To the left of the Dananns, Nigel Martin and Briallen studiously ignored each other. I suppressed a smile. Those that follow the druidic path by their nature were prone to debate. Briallen and Nigel epitomized those debates. They had been sticking me in the middle of their arguments as long as I could remember. I considered myself lucky to have had them as mentors, but I would be hard put to explain which of them influenced me more.
On the right of the Dananns sat Eorla Kruge, the new elven director. Eorla made eye contact with me and nodded slightly before returning her attention to the papers in her hand. I admired Eorla’s intentions but doubted she believed she’d have much success at the Guild. It was and remained Maeve’s creature, and no elf ever truly influenced the course of Guild policies in their favor.

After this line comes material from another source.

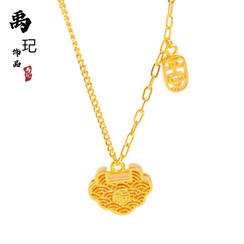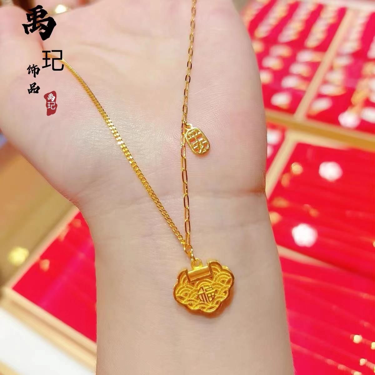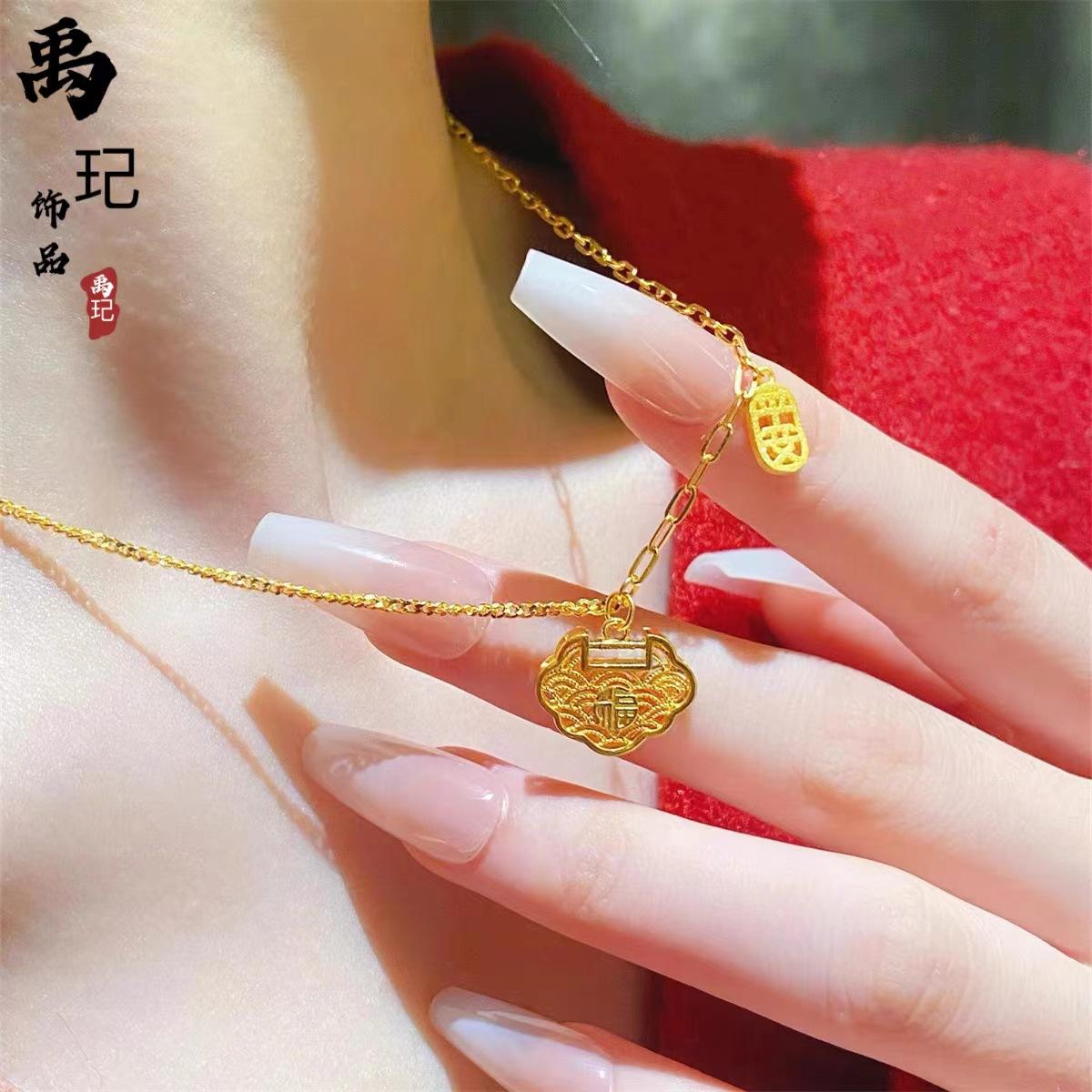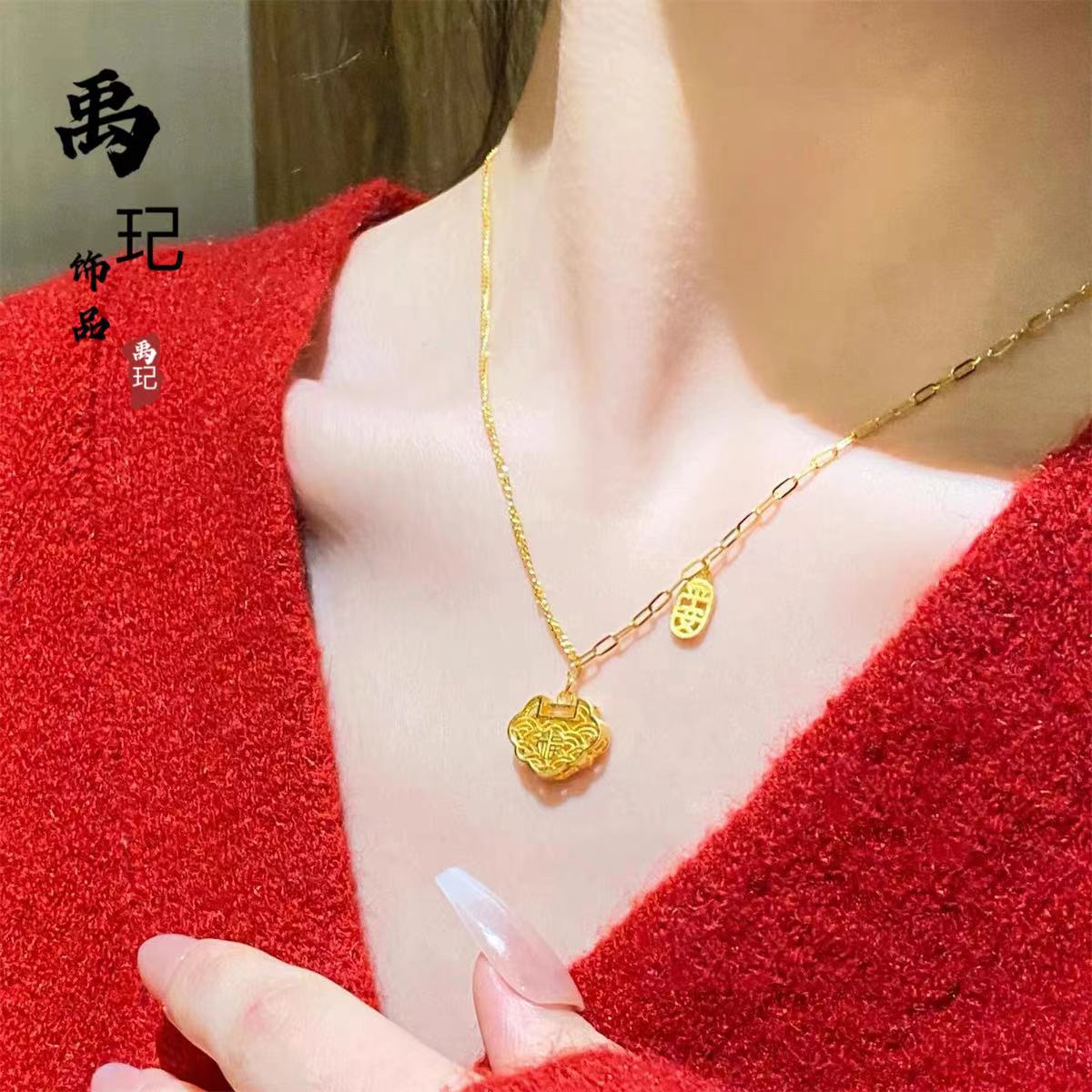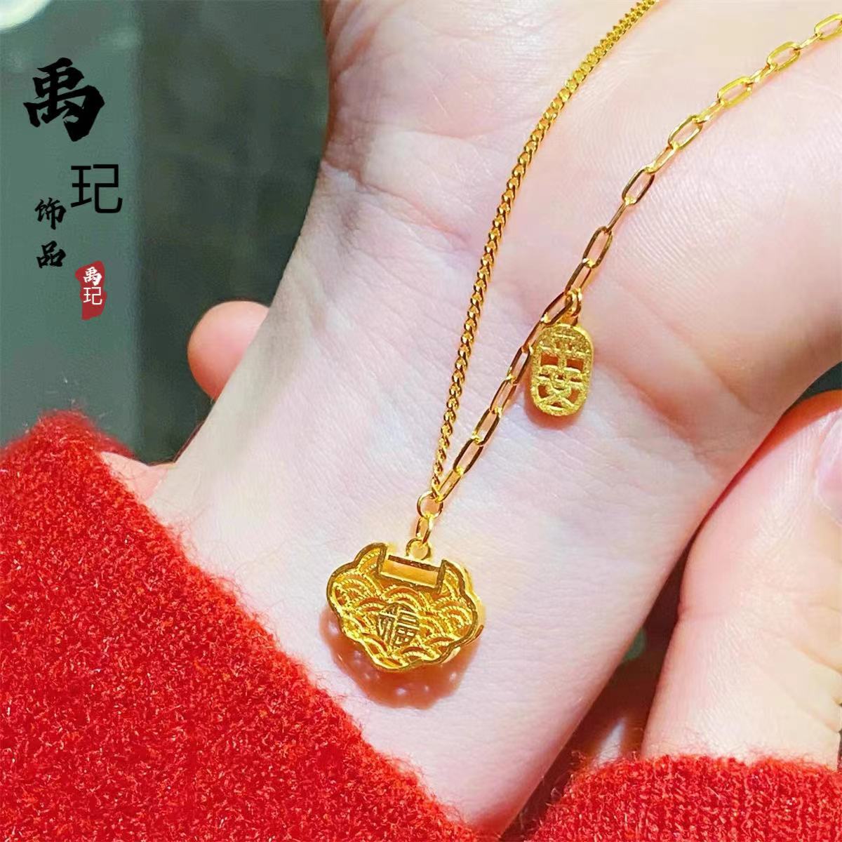 Nuevo collar con candado de paz de seda dorada antigua que no se decolora de larga duración, nuevo colgante Ruyi para mujer, cadena de clavícula al por mayor

Last, on the end of the table next to Eorla, was Melusina Blanc, the solitary fey director. Melusina had a strange look, skin unnaturally pale with shades of gray, hair a tangle of silver tinted almost blue, and eyes so light the irises appeared white. Where Ceridwen’s gaze made one look away from amazement, Melusina’s did from discomfort.
If elves had little pull on the board, the solitaries had even less. At best, Melusina was a token nod to the existence of solitaries. The irony was that since neither the Seelie Court nor the Teutonic Consortium thought of solitaries as allies, Melusina’s vote ended up being particularly powerful in close calls. No fool, she used it to gain help and privileges so often denied to her kind.